◆ Your goal ◆
Restate word for word the entries below, starting at the line with "c. After reaching" and ending at the line with "This visualization allows". Keep both end lines and omit the pictures.
──────── Exercise materials
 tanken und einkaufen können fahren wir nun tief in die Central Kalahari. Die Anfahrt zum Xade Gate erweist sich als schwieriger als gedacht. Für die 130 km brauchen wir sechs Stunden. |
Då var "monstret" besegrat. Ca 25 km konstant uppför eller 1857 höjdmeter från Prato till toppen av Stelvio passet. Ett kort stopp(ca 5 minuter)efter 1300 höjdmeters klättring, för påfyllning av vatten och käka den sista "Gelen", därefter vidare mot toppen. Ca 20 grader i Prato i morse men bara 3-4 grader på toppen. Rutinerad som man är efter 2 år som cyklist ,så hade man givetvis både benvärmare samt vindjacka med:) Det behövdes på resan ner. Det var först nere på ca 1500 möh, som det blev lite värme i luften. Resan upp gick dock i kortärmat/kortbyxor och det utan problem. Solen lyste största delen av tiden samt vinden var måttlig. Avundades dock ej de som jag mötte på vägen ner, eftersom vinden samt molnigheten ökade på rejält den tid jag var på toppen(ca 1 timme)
────────────────
──────── Exercise materials
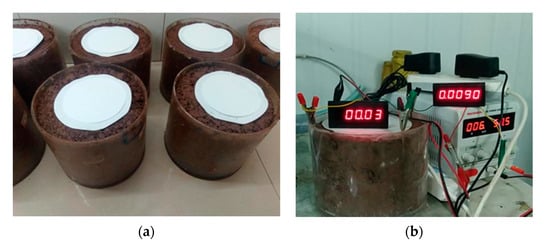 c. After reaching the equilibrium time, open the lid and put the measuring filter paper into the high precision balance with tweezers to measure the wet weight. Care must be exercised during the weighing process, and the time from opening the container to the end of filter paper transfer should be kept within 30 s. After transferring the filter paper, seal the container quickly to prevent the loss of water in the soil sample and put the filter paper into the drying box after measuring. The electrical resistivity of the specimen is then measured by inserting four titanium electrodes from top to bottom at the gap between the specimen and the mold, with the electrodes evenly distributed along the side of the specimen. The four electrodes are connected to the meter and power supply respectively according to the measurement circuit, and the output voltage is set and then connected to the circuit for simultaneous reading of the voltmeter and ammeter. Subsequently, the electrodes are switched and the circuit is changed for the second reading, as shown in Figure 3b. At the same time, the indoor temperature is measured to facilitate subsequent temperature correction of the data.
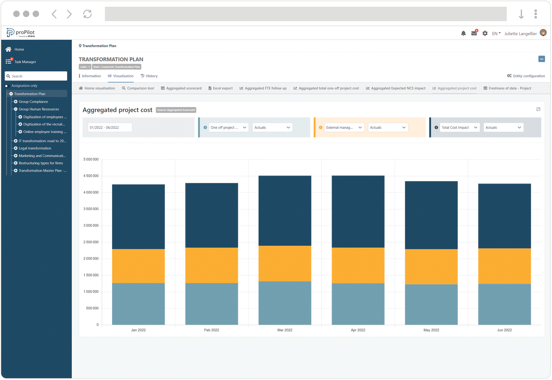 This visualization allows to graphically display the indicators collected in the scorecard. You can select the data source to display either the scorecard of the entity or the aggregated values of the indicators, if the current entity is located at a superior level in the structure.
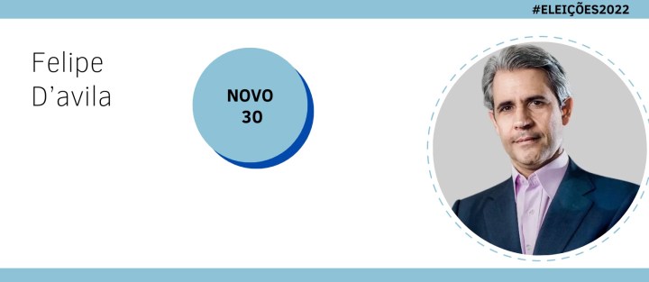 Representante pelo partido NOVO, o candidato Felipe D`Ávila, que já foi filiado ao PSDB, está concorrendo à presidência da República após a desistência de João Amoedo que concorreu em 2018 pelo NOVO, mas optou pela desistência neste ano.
────────────────
◆ Result ◆
 c. After reaching the equilibrium time, open the lid and put the measuring filter paper into the high precision balance with tweezers to measure the wet weight. Care must be exercised during the weighing process, and the time from opening the container to the end of filter paper transfer should be kept within 30 s. After transferring the filter paper, seal the container quickly to prevent the loss of water in the soil sample and put the filter paper into the drying box after measuring. The electrical resistivity of the specimen is then measured by inserting four titanium electrodes from top to bottom at the gap between the specimen and the mold, with the electrodes evenly distributed along the side of the specimen. The four electrodes are connected to the meter and power supply respectively according to the measurement circuit, and the output voltage is set and then connected to the circuit for simultaneous reading of the voltmeter and ammeter. Subsequently, the electrodes are switched and the circuit is changed for the second reading, as shown in Figure 3b. At the same time, the indoor temperature is measured to facilitate subsequent temperature correction of the data.
 This visualization allows to graphically display the indicators collected in the scorecard. You can select the data source to display either the scorecard of the entity or the aggregated values of the indicators, if the current entity is located at a superior level in the structure.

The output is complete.